By integrating a dynamic adaptive mechanism, a hybrid Nelder–Mead method, and a small-range perturbation strategy into the ALAs algorithm, we developed the DMSALAs algorithm. To assess its efficacy, DMSALAs were first compared with six variant algorithms to validate the proposed strategies, then benchmarked against eight advanced algorithms to demonstrate its superior performance. These enhancements effectively address the original algorithm’s core limitations-fixed parameters, weak local search capability, and insufficient diversity preservation-making it better suited for complex optimization tasks.

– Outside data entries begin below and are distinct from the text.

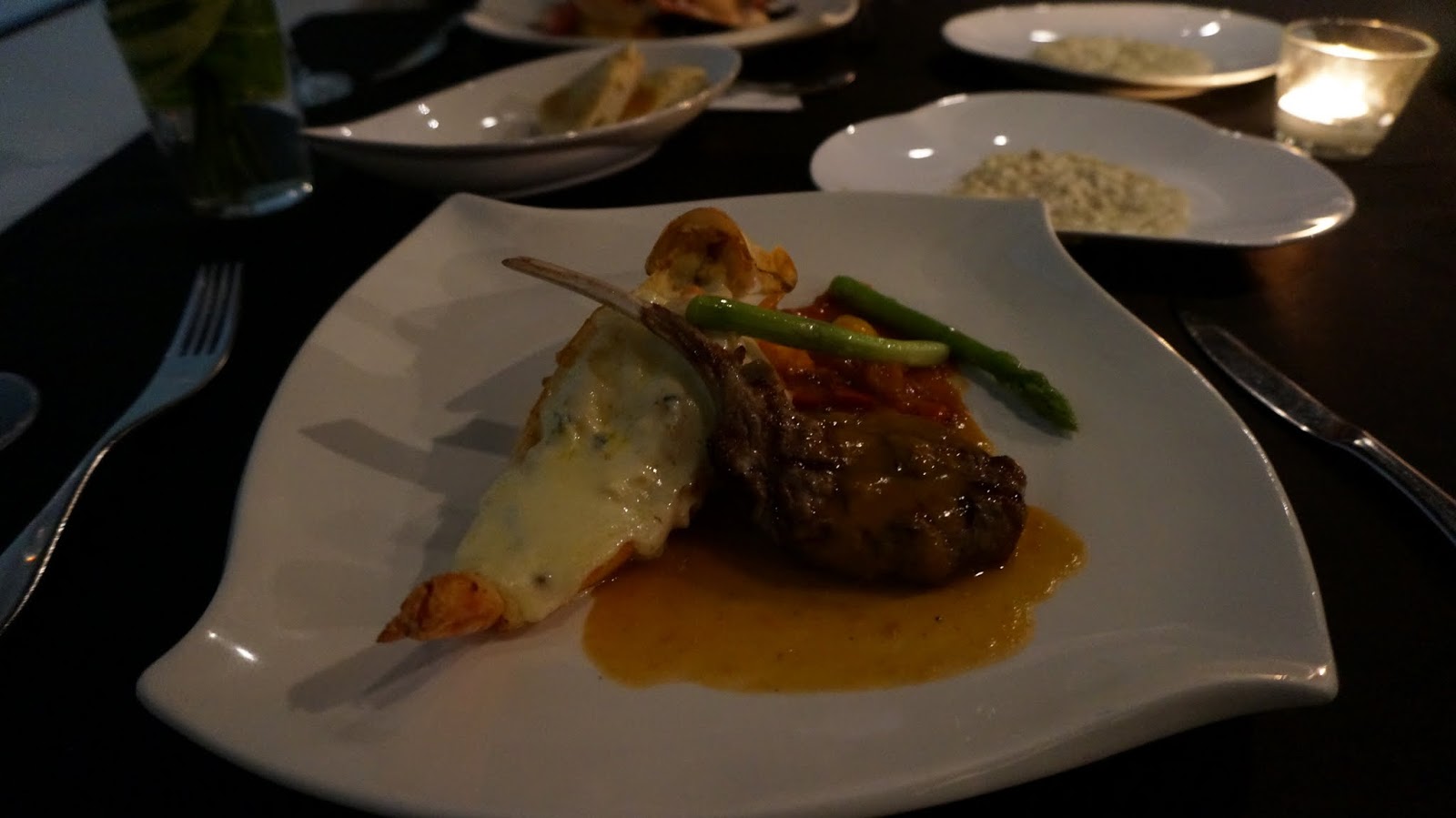 我妹的焗烤龍蝦與碳烤美國菲力牛排佐松露紅酒汁,她應該高興的快飛了吧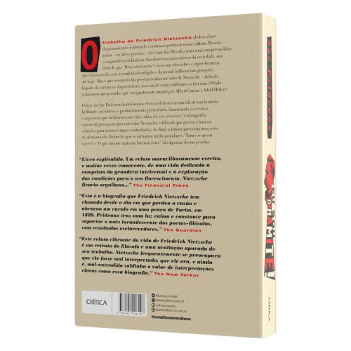 Um filósofo como nenhum outro O trabalho de Friedrich Nietzsche abalou a base do pensamento ocidental e continua a permear nossa cultura. Mesmo assim – ou talvez por isso - ele é um dos filósofos mais mal compreendidos e enigmáticos da História. Sua descrença nos valores da sociedade, sua ideia de que “Deus está morto” e seu conceito sobre o super-homem, que encara a vida sem as muletas da religião e da moral, influenciam gerações até hoje. Mas o que a maioria das pessoas realmente sabe de Nietzsche - além do bigode, da carranca e da persistente associação com o niilismo e o fascismo? Onde colocamos um pensador que era igualmente amado por Albert Camus e Adolf Hitler? O livro de Sue Prideaux destrói mitos e leva os leitores ao mundo de um homem brilhante, excêntrico e profundamente perturbado, iluminando os eventos e as pessoas que moldaram sua vida e obra. Eu sou dinamite! é a biografia essencial para quem quer entender Nietzsche: o filósofo que previu e buscou soluções para nossos tempos conturbados. Ao final, a autora apresenta uma série de aforismos de Nietzsche que se tornaram muito populares: “Torne-se quem você é” e “O que não me mata me faz mais forte” são algumas dessas pérolas. “Livro esplêndido. Um relato maravilhosamente escrito, e muitas vezes comovente, de uma vida dedicada à conquista da grandeza intelectual e à exploração das condições para o seu florescimento. Nietzsche ficaria orgulhoso...” – THE FINANCIAL TIMES “Esta é a biografia que Friedrich Nietzsche tem clamado desde o dia em que perdeu a razão e abraçou um cavalo em uma praça de Turim, em 1889. Prideaux traz uma luz calma e constante para suportar o mais incandescente dos poetas-filósofos, com resultados esclarecedores”. – THE GUARDIAN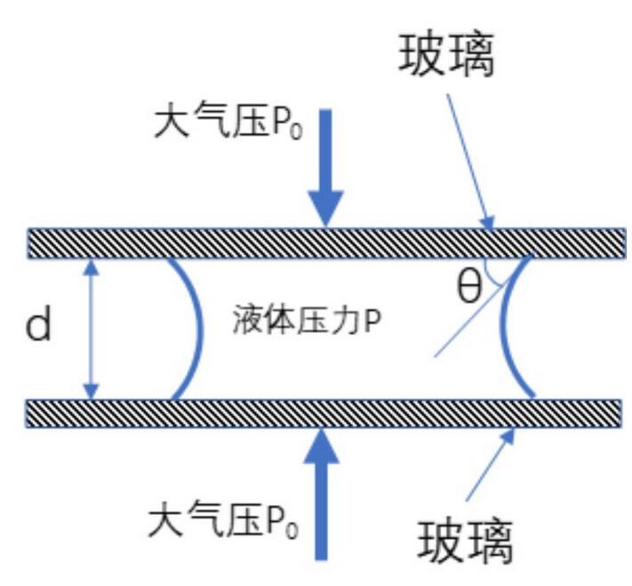 我們可以想象,當(dāng)兩片玻璃間隙非常小的時(shí)候,這個(gè)凹液面的曲率就會(huì)非常大,在這個(gè)時(shí)候,液體壓力與大氣壓的差就會(huì)很大,因此把玻璃擠壓在一起的力也就很大。我們可以用楊-拉普拉斯公式來估算一下。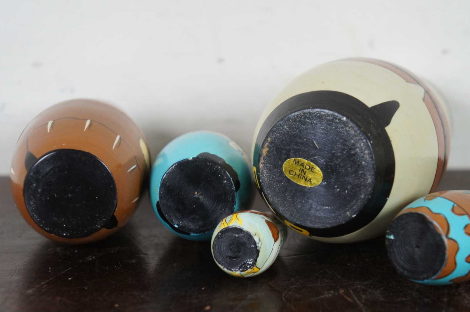 Vintage five piece set of American Thanksgiving themed nesting dolls featuring two Pilgrims, two Native Americans and a turkey.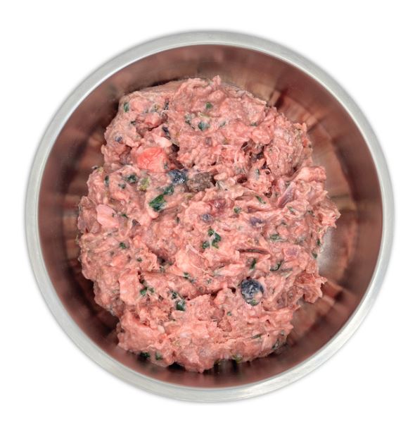 A single recipe box containing chicken muscle meat with pork and beef organs, mixed with a unique XL blend of low-glycemic fruits and vegetables. A good base for your dog's raw diet and a great option for multi-dog households.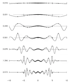 A similar analysis can be carried out for a galaxy that is idealized as a one-dimensional wire, with density that varies along the axis.[7] This is a simple model of a (prolate) elliptical galaxy. Some unstable eigenmodes are shown in Figure 2 at the left.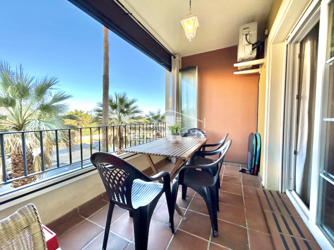 Apartamento situado en primera planta 2 dormitorios, salón comedor, cocina equipada, aire acondicionado en salón comedor, baño, terraza con vistas a la playa, plaza de aparcamiento cubierta, piscina comunitaria (Abierta al público en temporada alta) y zonas ajardinadas.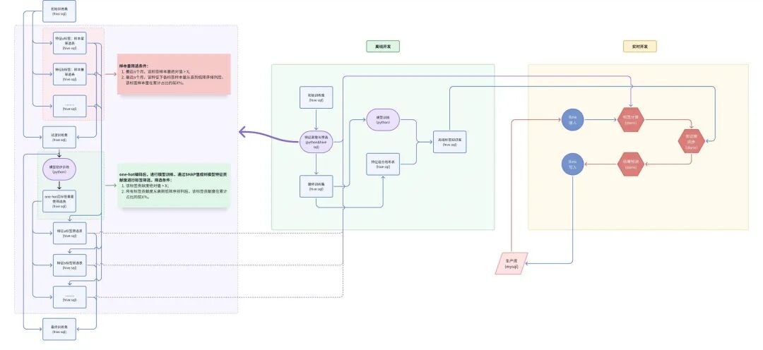 • 通过上述两个步骤,在每次模型自动化“重新训练”时,就同时完成了标签筛选工作,并将标签合并逻辑同步到实时环境中。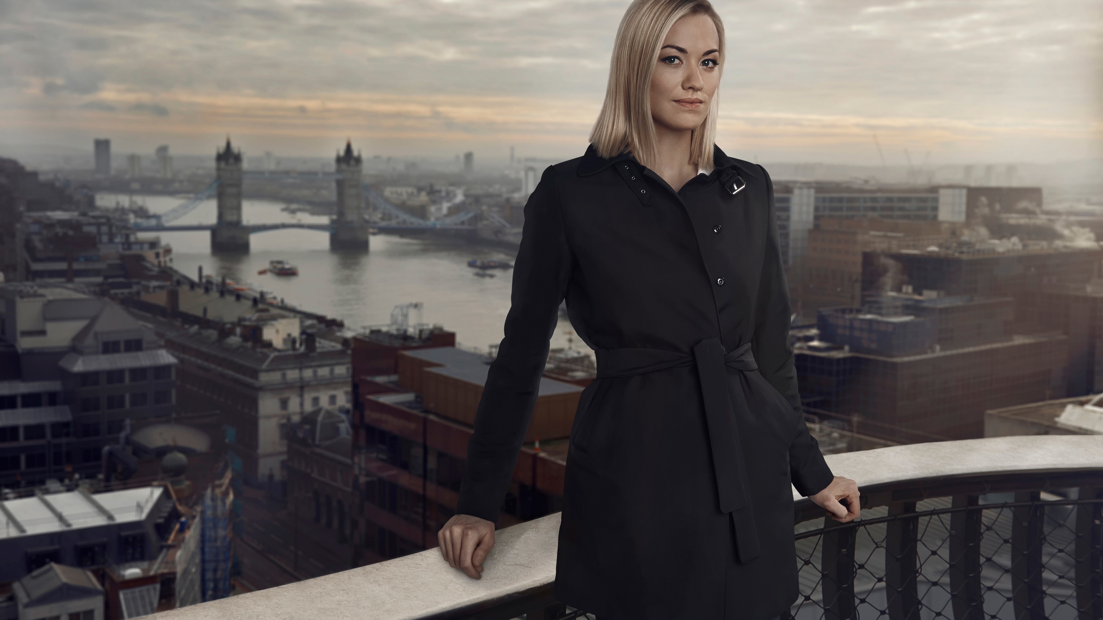 Description: A woman standing on a balcony overlooking a city skyline with a clock tower in the background and a river running through the city.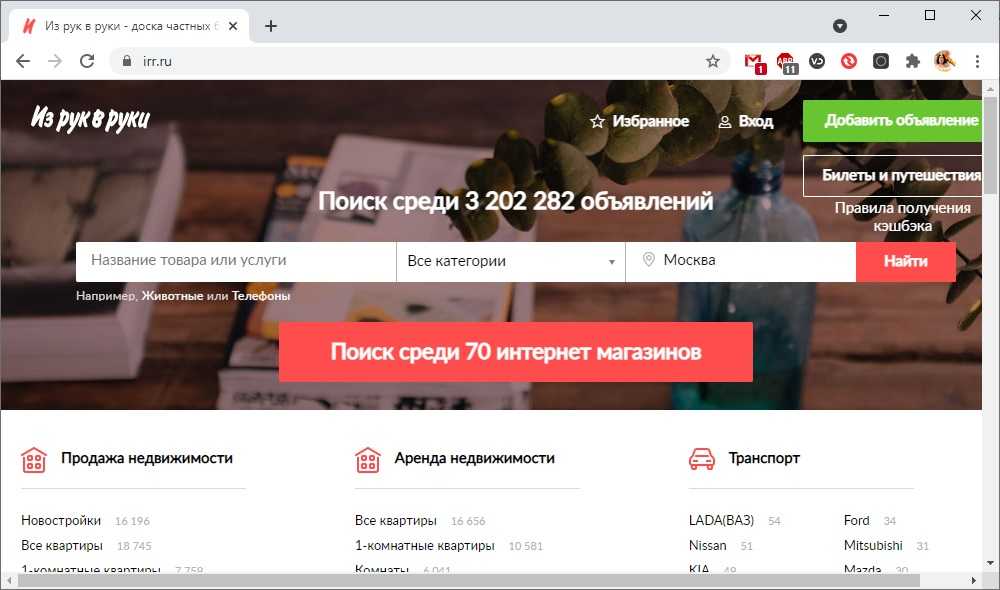 Irr – один из самых старых в стране проектов, посвящённых частным объявлениям. Его история ведётся с начала 90-х годов двадцатого столетия. Изначально он представлял собой газету «Из рук в руки», а теперь это исключительно Интернет-сайт и мобильное приложение. В нём представлены объявления множества тематик. При этом выбор подержанных автомобилей здесь довольно велик. Помимо легковых авто, также встречаются грузовики и автобусы, мото- и спецтехника, автомобильные запчасти и аксессуары. Кроме частных объявлений, можно найти предложения и от компаний, даже дилерских. Проверить достоверность и точность информации непросто. Можно столкнуться с обманом, но нередко встречаются интересные и весьма выгодные предложения. Поэтому выбирать машину здесь следует внимательно и вдумчиво.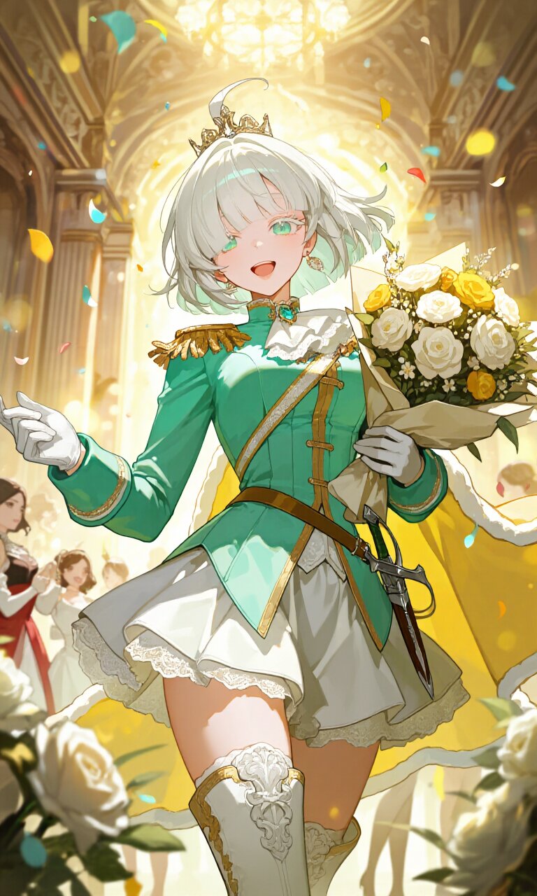 A stunningly detailed 16k masterpiece depicts a beautiful young woman with bright white short hair featuring blunt bangs and an ahoge, her mint-green eyes sparkling with joy. Her (white colored eyelashes:1.2) flutter delicately, and her hair slightly obscures one eye (hair over one eye:0.8). She wears a (Pale green luxurious Prince costume:1.5) with long sleeves past wrists, adorned with intricate lace jabot and (White gloves:1.2). A (Pale yellow color luxurious Cape:1.3) drapes elegantly over her shoulders, complementing her (luxurious mini skirt:1.3) and (White luxurious boots:1.3). A gleaming (dagger on waist:1.3) and a delicate (crown:1.3) complete her princely attire. She smiles radiantly with an open mouth, (holding a bouquet in hand:1.5) in a grand rococo-style palace ballroom, bathed in warm light and lens flare. The scene is filled with (lots of flowers), dreamy bloom effects, and ornate architecture. She is (surrounded by friends:1.8), all dressed in romantic academia fashion, celebrating in a light, joyful atmosphere. The composition blends hard-edged details with a soft, ethereal glow, enhancing the romantic and fantastical mood.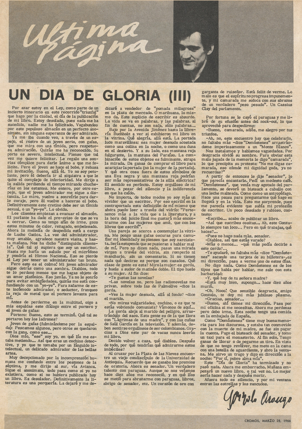 *este texto está publicado en el libro "Última Página" y en la página web del poeta Gonzalo Arango.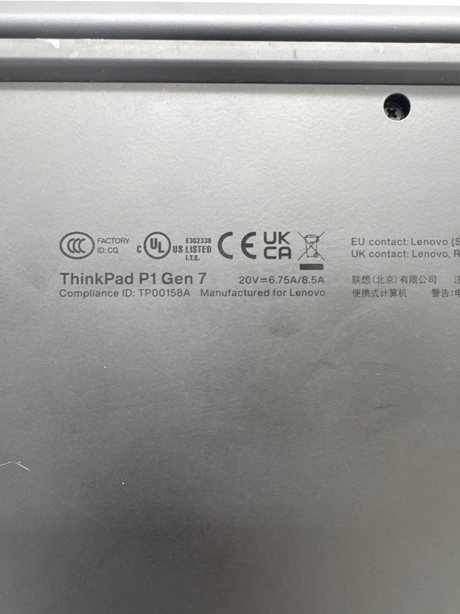 | Model | Lenovo ThinkPad P1 Gen 7 |
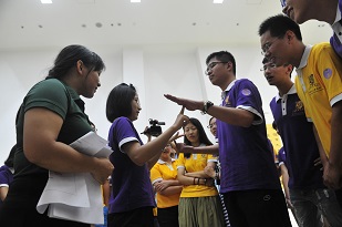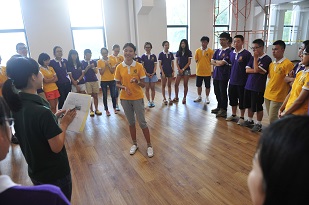 ? ? ? ?為了讓300余位同學(xué)迅速熟悉彼此并融合成一個(gè)團(tuán)體,學(xué)校安排了歷時(shí)3小時(shí)的拓展訓(xùn)練活動,充滿活力和朝氣的學(xué)生在互動活動中拉近了彼此距離。在拓展訓(xùn)練環(huán)節(jié),學(xué)生們在小游戲中,記住了大家的名字并迅速全情投入到了游戲中;在為隊(duì)伍設(shè)計(jì)名稱,口號和風(fēng)采戰(zhàn)士的環(huán)節(jié),同學(xué)們也表現(xiàn)了無限創(chuàng)意,在排練構(gòu)思中成為了一個(gè)融洽歡樂的大家庭。在這個(gè)展示環(huán)節(jié)中,同學(xué)們不斷摩擦碰出火花,還造就了在晚上盛大的千人宴上的精彩節(jié)目。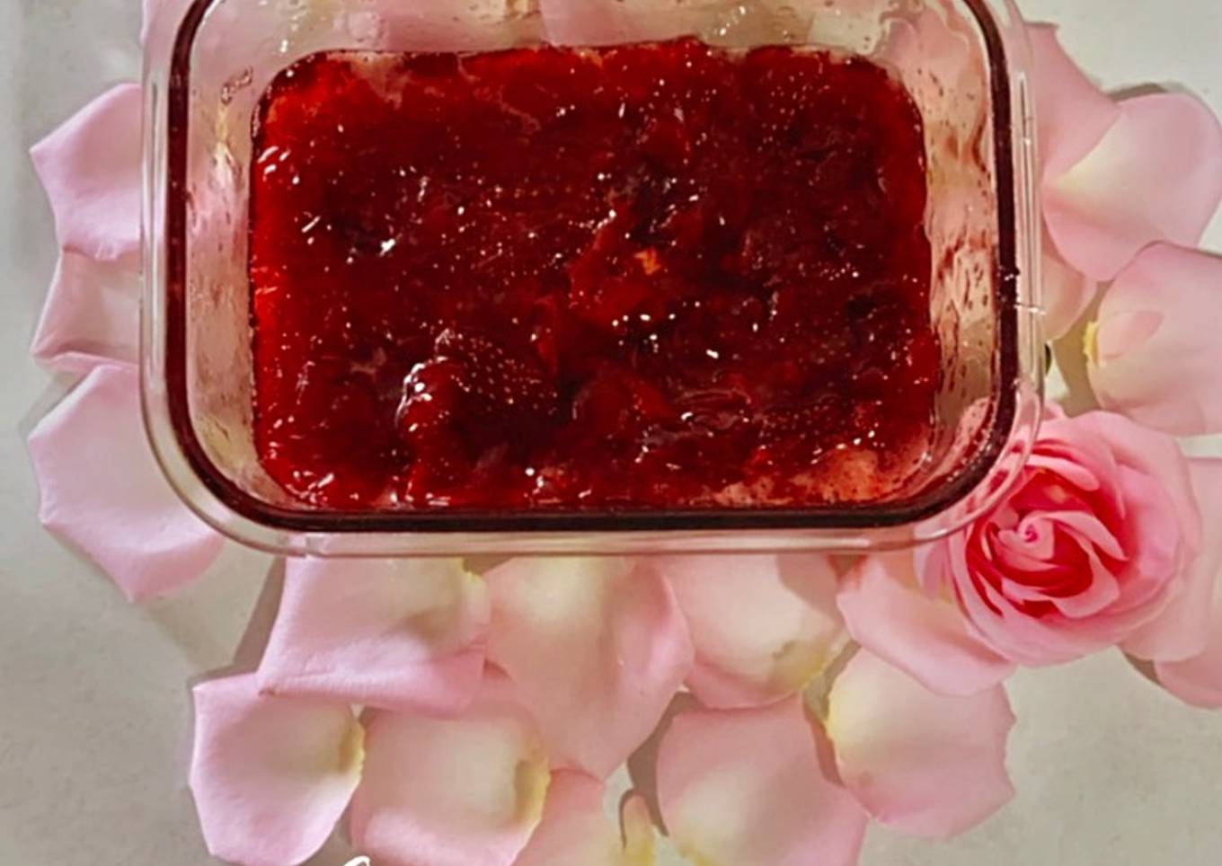 Mermelada de fresa con pétalos de rosa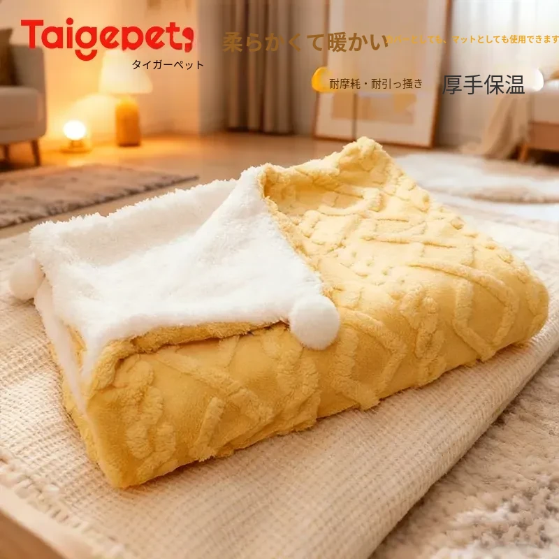 ペット用毛布 猫ちゃんも大満足!四季対応のふんわりスリープマット 冬も暖かい!快適な猫ベッド・犬用マットとして最適!柔らかなコットン素材で、愛するペットに至福の眠りを提供します。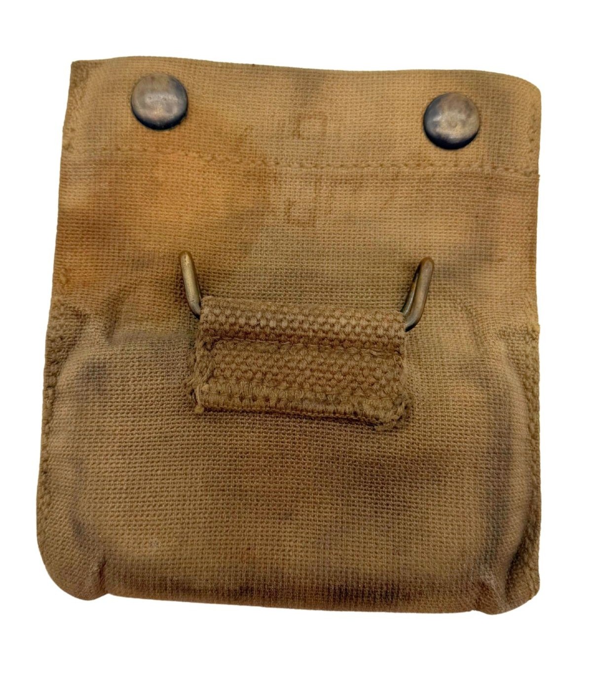 Cet exemplaire se présente dans un bel état terrain, offrant cette patine unique que seule une pièce ayant traversé les décennies peut posséder. Point essentiel pour le collectionneur : malgré son âge et son utilisation, la toile ne présente ni déchirure ni trou. La structure en coton épais (Webbing) est restée solide et intègre. Les pressions sont parfaitement fonctionnelles, permettant d'ouvrir et de fermer le rabat sans risque, un détail important pour une pièce centenaire souvent fragilisée par le temps.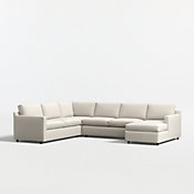 Barrett makes modern sectional seating affordable and carefree. Upright yet comfortable, this versatile sectional looks casual and clean in a contemporary fabric that feels great to the touch and is so durable you don't need to worry about spills or pets. The four-piece sectional is designed to always look its best, even in high-traffic family rooms. The Barrett II 4-Piece Right Arm Chaise Sectional is a Crate & Barrel exclusive.

Specifically, the hybrid Nelder–Mead component plays a pivotal role in refining waypoints, minimizing detours, and ensuring smooth trajectories; the dynamic search radius adjustment prevents premature stagnation, and perturbation strategies enable escape from concave obstacle regions.

To further verify DMSALAs applicability in mobile robot path planning, we systematically executed simulation experiments for the DMSALAs algorithm and eight comparative algorithms across four maps with varying scales. Subsequently, we carried out real-world experiments utilizing the RIA-E100 mobile robot within a custom-constructed physical environment. Our dual-approach experimental design, which combines virtual simulations across four maps of varying scales and real-world validations using the RIA-E100 robot, enabled a comprehensive evaluation of the DMSALAs algorithm and eight comparative algorithms. This methodology demonstrated DMSALAs superiority in addressing practical challenges, proving it to be a highly effective optimizer, especially for complex, high-dimensional problems. Its consistent top performance across diverse scenarios highlights its broad applicability in real-world engineering optimizations, such as robotic path planning tasks that demand both solution precision and reliability.

Notably, while DMSALAs demonstrate strong effectiveness, its standard deviation results across various tests indicate room for stability improvements, even after the implemented enhancements. This presents a key direction for future research. Additionally, as this study tested DMSALAs up to 30D problems, exploring its performance in higher-dimensional scenarios (50D and 100D) constitutes another critical research avenue. While this work focuses on mobile robot path planning, future efforts will aim to extend DMSALAs to other practical domains, including industrial robotics and search-and-rescue operations. In this study, high-performance algorithms were not included in the comparative analysis; however, performance comparisons with a broader selection of state-of-the-art algorithms will be conducted in future work and will constitute an important research direction. Furthermore, we plan to carry out rigorous ablation studies to precisely quantify the synergistic effects of the hybrid strategy. Specifically, on the CECs benchmark suite, incremental variants of the algorithm will be compared to disentangle the contribution of the enhanced local search component from the effect of increased function evaluations, thereby providing empirical support for the proposed synergy.

Although current stability and scalability limitations require further investigation, DMSALAs consistent excellence in both benchmark functions and applied path planning solidifies its status as a state-of-the-art optimization tool. Future research will prioritize bridging the gap between theoretical optimization and real-world deployment, ensuring robust performance in dynamic and uncertain environments.